During his meetings with PA officials, Mizrahi was asked to allow Jewish
Israelis to enter Jenin, which has seen a dramatic drop in terrorism
since Israel, the PA, the US and the Middle East Quartet began a project
called the “Jenin Model,” under which Israel scaled back its military
operations there and PA security forces took over.
Jenin was once the West Bank’s “terror capital.” At least 28 suicide
bombers were dispatched from the city from 2000-2003.
From April 1-11, 2002, during Operation Defensive Shield, 23 IDF
soldiers were killed and 52 were wounded in the city during fighting
with Palestinian gunmen.
Around 52 Palestinians were killed, mostly gunmen, despite false claims
of a massacre.
Jewish Israelis have not been allowed into Palestinian cities since the
outbreak of the second intifada in 2000, and every week a number of
Israelis are escorted out by PA security forces after, in most cases
after getting lost and accidentally entering.
Under the Jenin Model, the IDF has allowed Israeli Arabs into West Bank
cities on weekends, and every Friday hundreds of cars with yellow
Israeli license plates cross over to shop in Palestinian markets.
Under consideration for entry by Jewish Israelis are Jenin, Jericho and
Bethlehem, which are relatively quiet in terms of terror activity.
A senior IDF officer told the Post that such a move could be made in the
future, to build confidence between the sides.
“This is possible and something to consider,” the officer told the Post.

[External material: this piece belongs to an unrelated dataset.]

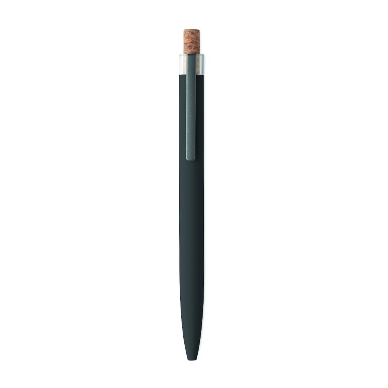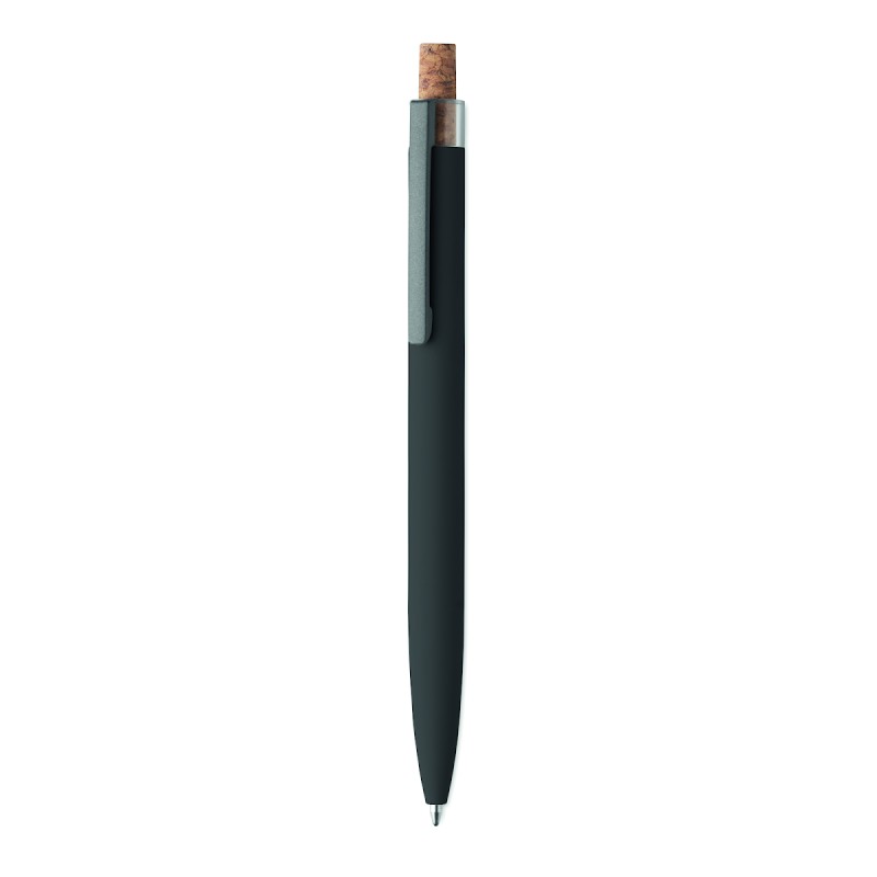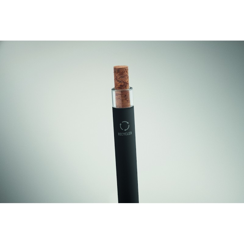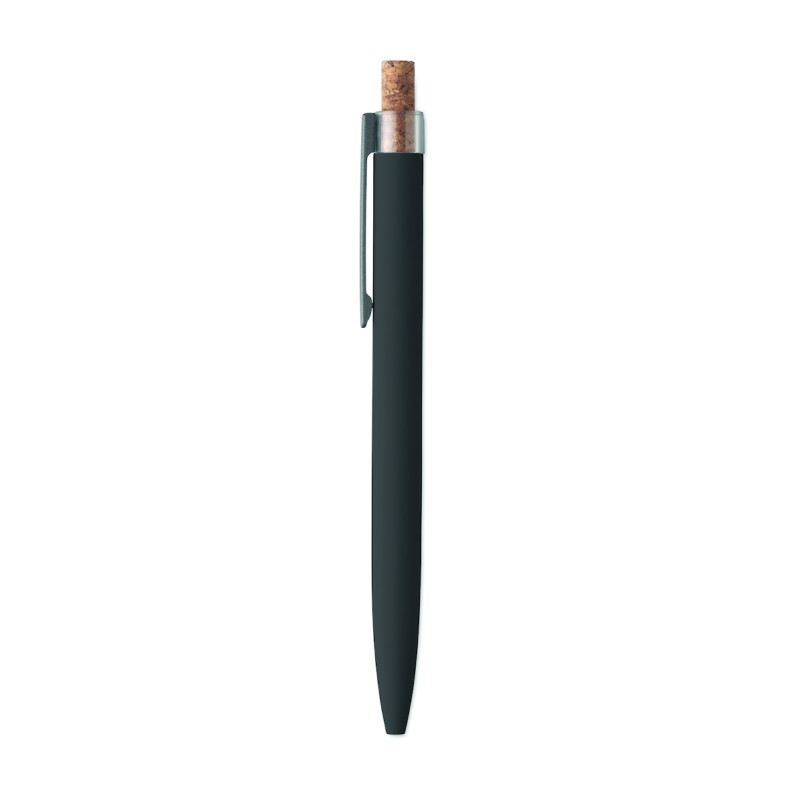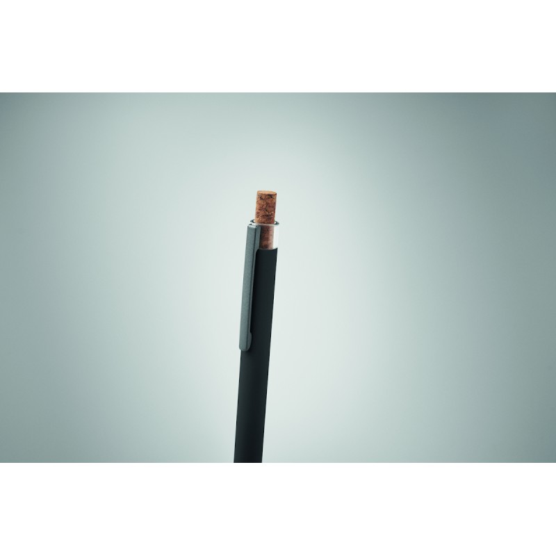Stylo bille en aluminium recyclé avec bouton poussoir en liège et clip en métal. Encre bleue.

“While there is no guarantee that nothing will happen, these cities are
relatively safe and the Palestinians have an interest in proving to us
that terrorism is not an option.”
In June, Mizrahi gave permission to begin allowing Israeli tour guides
into Bethlehem, for the first time since 2000. The move was intended to
contribute to the Palestinian and Israeli economies, and to promote
tourism to the region.
In addition, the army will enable tour groups to go directly to
Bethlehem from Jerusalem, without the need to switch guides.